Others prefer to have the facilities remain open, and instead draft policies and protocols designed to protect the safety and well-being of residents who might otherwise be at risk of care home abuse.

According to a report that was carried in The Times of Trenton (11/20/13), the case surrounds the events that led to the death in 2013 of Maureen Doran. The 68-year-old had resided at the Woodbridge Developmental Center without incident for almost 17 years. Then in May, Doran was assaulted by the individual with whom she shared her residential cottage at the facility.

While the report did not break out what injuries if any Doran suffered as a result of the assault, the long-time resident suffered a broken leg three months later, in August - the result of a fall.

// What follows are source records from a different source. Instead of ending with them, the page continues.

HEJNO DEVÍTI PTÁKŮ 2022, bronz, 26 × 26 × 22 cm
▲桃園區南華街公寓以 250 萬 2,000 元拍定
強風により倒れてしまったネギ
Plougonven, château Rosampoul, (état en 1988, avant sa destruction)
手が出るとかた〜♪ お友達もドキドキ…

During her convalescence, Doran is reported to have developed aspiration pneumonia and septic shock, succumbing at Robert Wood Johnson University Hospital Rahway on September 3, last year.

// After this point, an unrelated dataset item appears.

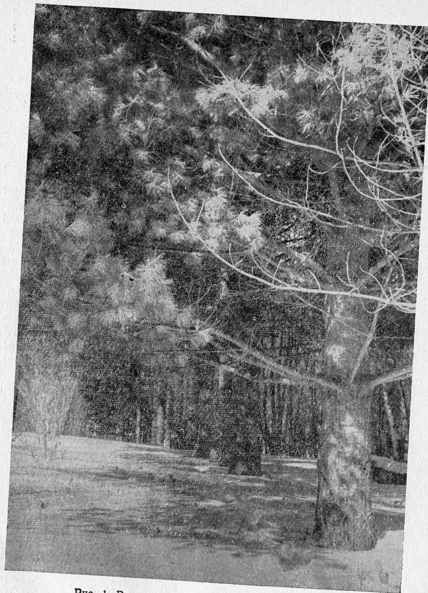
Рис. 1. Ряд веймутовой сосны в дендрарии

Посадка саженцев веймутовой сосны проведена в один ряд, на расстоянии 1,5 м друг от друга в ряду (рис. 1) с расположением ряда с запада на восток. Продолжением посадок веймутовой сосны были: на запад посадки пихты цельнолистной ( Abies holophylla Maxim.), а на восток — сосны обыкновенной и черной ( Pinus silvestris L. и P. nigra Arn.). С южной и северной сторон, на расстоянии 3 м были посажены рядами различные
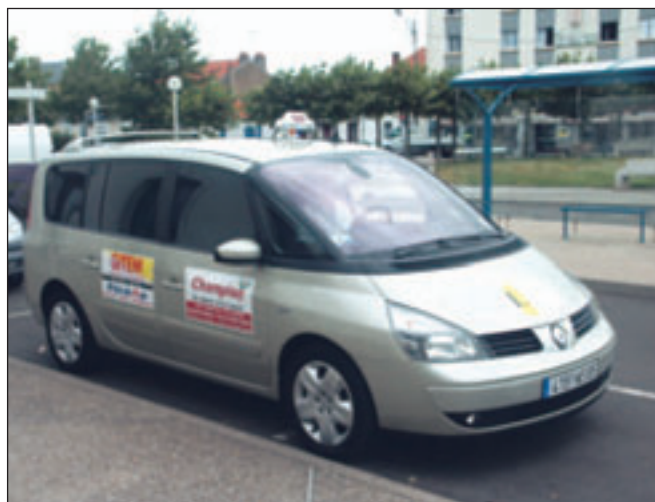
Le chèque taxi, un passeport pour la mobilité.

Peuvent bénéficier de cette aide les personnes à mobilité réduite dont les ressources mensuelles nettes fiscales ne dépassent pas 600,00 Euros pour une personne seule et 1050,00 pour un couple. Les chèques sont disponibles à la C.C.A.S à la mairie des Sables d'Olonne (1 er étage ; porte 105, Fatima Si Merabet). Deux documents sont nécessaires : le dernier avis d'imposition sur le revenu ainsi qu'une pièce d'identité.

The report did not identify the reasons behind the state’s decision, in July 2012, to close both Woodbridge and the New Jersey Developmental Center at Totowa. The closures were to have occurred by 2017. However, the deceased woman’s sisters and co-guardians are reported to have claimed that New Jersey’s decision to close the facilities resulted in resident transfers and staff reassignments that created a decline of safety and supervision, leading to residential care abuse.

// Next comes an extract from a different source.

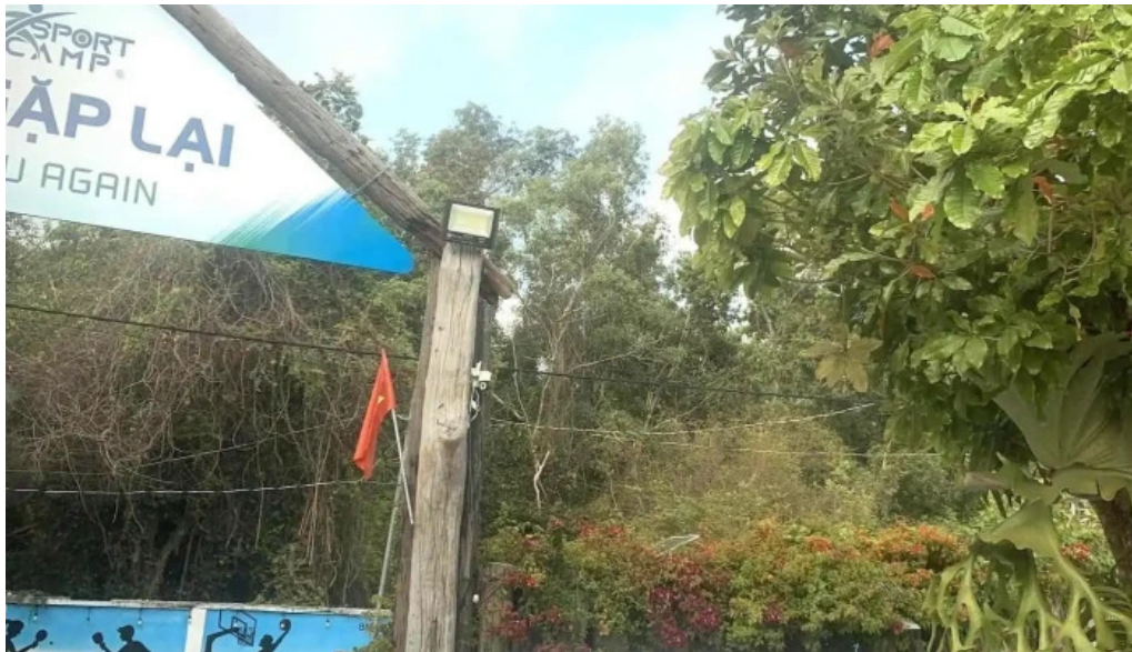
Khu bao tồn thiên nhiên mới nhất

What’s more, family members of residents contend their loved ones will not get the same level of care and round-the-clock supervision normally available at such a facility, and fear there will be more accidents and nursing home abuse if the closures happen as planned in three years. Some family members have filed a care center abuse lawsuit to prevent the closures from happening.

The report noted the comments of New Jersey Assemblywoman Valerie Vainieri Huttle (D-Bergen), who in her role as chairwoman of Assembly Human Service Committee petitioned the state Human Services Commissioner to halt any effort to close the two long-term care centers, in addition to calling for process and protocol that would serve to better protect the health and safety of care center residents.

“Tragic incidents have occurred at developmental centers, group homes and other residences,” Huttle said in a statement. “Regardless of where it happens, we must make sure that we are doing all we can to prevent [care center abuse] and neglect of our most vulnerable.”